# Source material

--- START ---

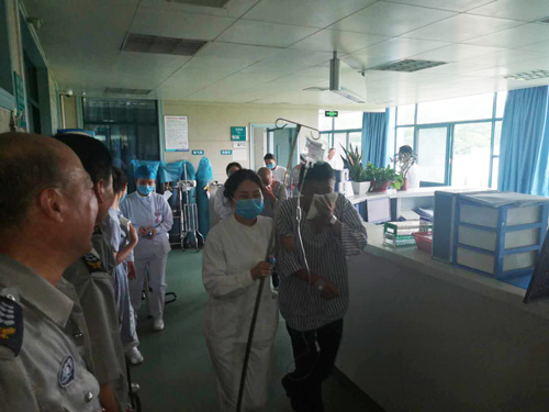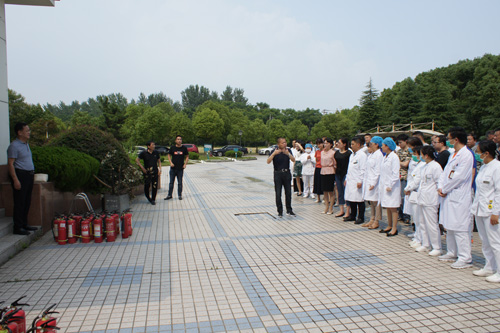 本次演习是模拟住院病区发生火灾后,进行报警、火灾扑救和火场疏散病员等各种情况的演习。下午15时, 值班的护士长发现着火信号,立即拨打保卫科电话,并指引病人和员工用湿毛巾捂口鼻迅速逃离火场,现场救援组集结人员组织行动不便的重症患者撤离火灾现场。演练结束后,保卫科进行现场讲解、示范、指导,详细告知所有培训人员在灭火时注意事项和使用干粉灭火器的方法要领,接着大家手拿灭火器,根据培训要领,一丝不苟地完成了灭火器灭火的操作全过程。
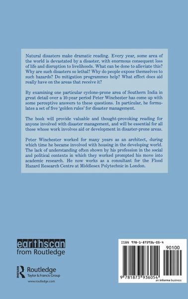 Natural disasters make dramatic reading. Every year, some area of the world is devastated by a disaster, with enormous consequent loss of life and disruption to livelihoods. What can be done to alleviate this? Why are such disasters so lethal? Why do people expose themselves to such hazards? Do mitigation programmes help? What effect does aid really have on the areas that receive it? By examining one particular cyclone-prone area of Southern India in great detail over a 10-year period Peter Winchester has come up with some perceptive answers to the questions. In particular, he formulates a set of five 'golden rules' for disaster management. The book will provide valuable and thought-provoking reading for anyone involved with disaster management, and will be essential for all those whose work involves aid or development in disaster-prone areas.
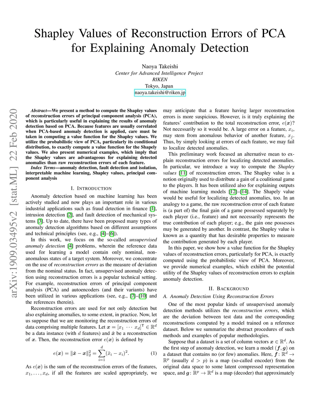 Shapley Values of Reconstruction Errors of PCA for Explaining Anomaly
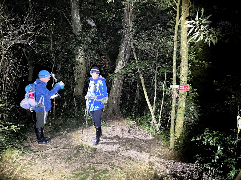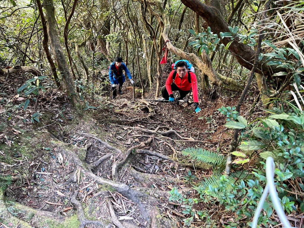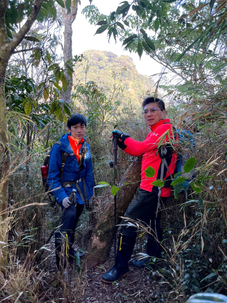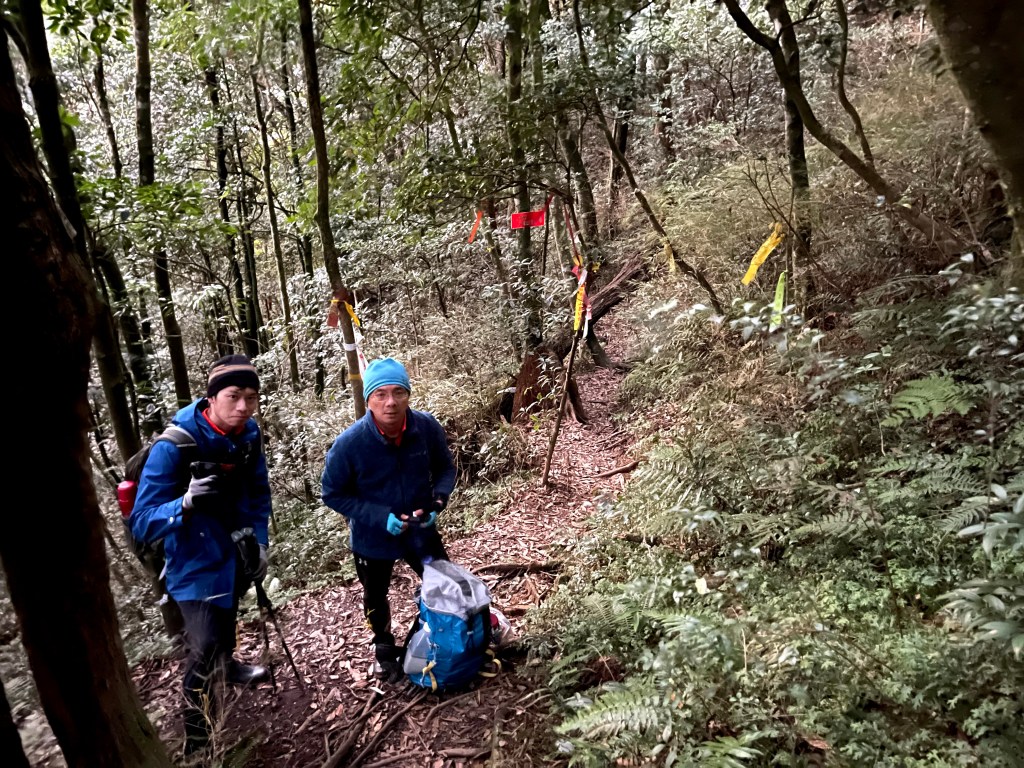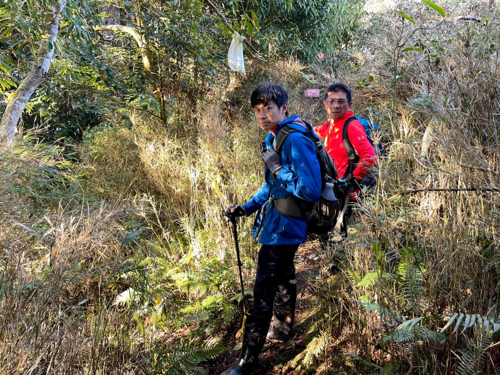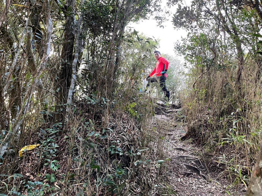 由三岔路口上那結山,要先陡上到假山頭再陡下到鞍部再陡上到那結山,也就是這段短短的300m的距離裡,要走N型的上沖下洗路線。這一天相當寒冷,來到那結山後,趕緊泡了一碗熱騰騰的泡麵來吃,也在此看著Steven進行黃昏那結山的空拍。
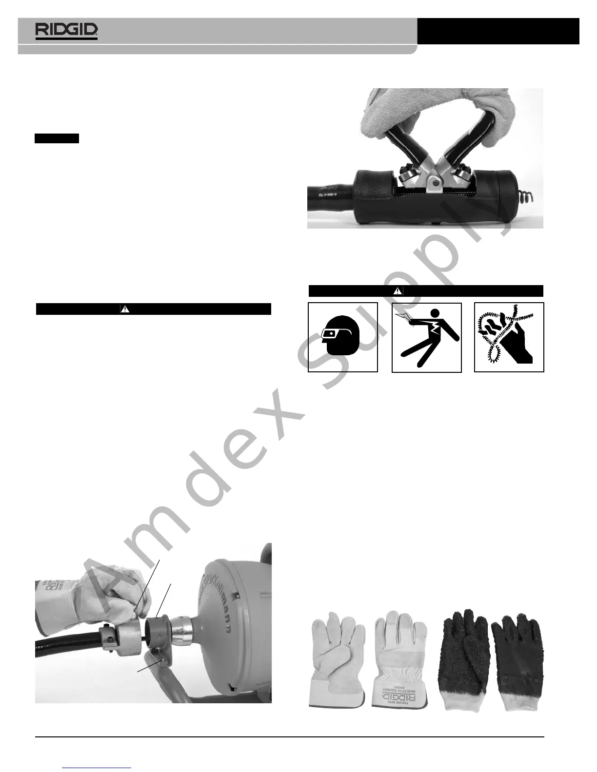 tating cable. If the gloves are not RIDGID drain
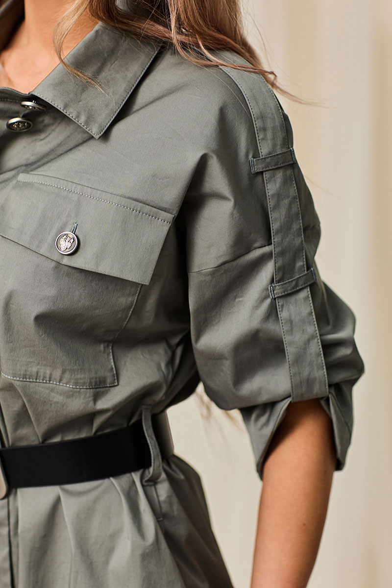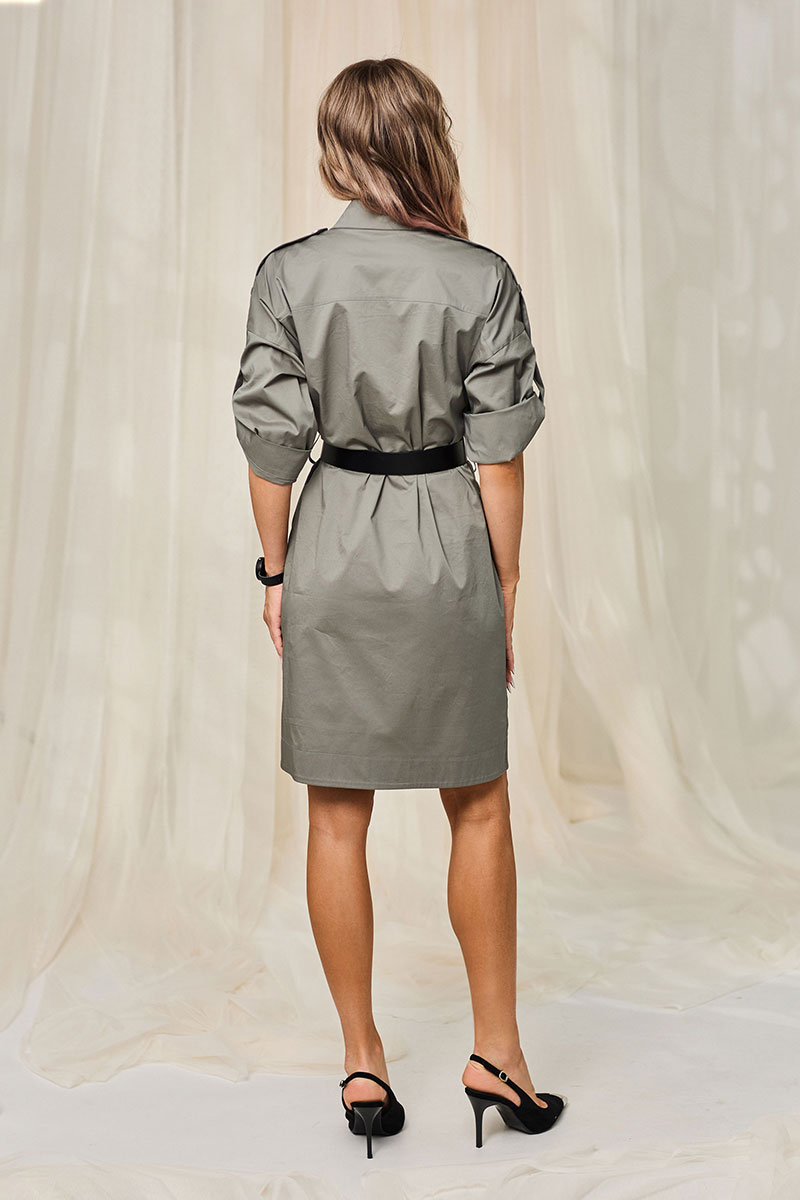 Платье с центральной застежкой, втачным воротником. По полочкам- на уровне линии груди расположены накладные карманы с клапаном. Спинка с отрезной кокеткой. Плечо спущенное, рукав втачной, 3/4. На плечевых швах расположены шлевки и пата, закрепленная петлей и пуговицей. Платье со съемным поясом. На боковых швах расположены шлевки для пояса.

--- END ---

Give back the entries verbatim but drop every picture.

 本次演习是模拟住院病区发生火灾后,进行报警、火灾扑救和火场疏散病员等各种情况的演习。下午15时, 值班的护士长发现着火信号,立即拨打保卫科电话,并指引病人和员工用湿毛巾捂口鼻迅速逃离火场,现场救援组集结人员组织行动不便的重症患者撤离火灾现场。演练结束后,保卫科进行现场讲解、示范、指导,详细告知所有培训人员在灭火时注意事项和使用干粉灭火器的方法要领,接着大家手拿灭火器,根据培训要领,一丝不苟地完成了灭火器灭火的操作全过程。
 Natural disasters make dramatic reading. Every year, some area of the world is devastated by a disaster, with enormous consequent loss of life and disruption to livelihoods. What can be done to alleviate this? Why are such disasters so lethal? Why do people expose themselves to such hazards? Do mitigation programmes help? What effect does aid really have on the areas that receive it? By examining one particular cyclone-prone area of Southern India in great detail over a 10-year period Peter Winchester has come up with some perceptive answers to the questions. In particular, he formulates a set of five 'golden rules' for disaster management. The book will provide valuable and thought-provoking reading for anyone involved with disaster management, and will be essential for all those whose work involves aid or development in disaster-prone areas.
 Shapley Values of Reconstruction Errors of PCA for Explaining Anomaly
 由三岔路口上那結山,要先陡上到假山頭再陡下到鞍部再陡上到那結山,也就是這段短短的300m的距離裡,要走N型的上沖下洗路線。這一天相當寒冷,來到那結山後,趕緊泡了一碗熱騰騰的泡麵來吃,也在此看著Steven進行黃昏那結山的空拍。
 tating cable. If the gloves are not RIDGID drain
 Платье с центральной застежкой, втачным воротником. По полочкам- на уровне линии груди расположены накладные карманы с клапаном. Спинка с отрезной кокеткой. Плечо спущенное, рукав втачной, 3/4. На плечевых швах расположены шлевки и пата, закрепленная петлей и пуговицей. Платье со съемным поясом. На боковых швах расположены шлевки для пояса.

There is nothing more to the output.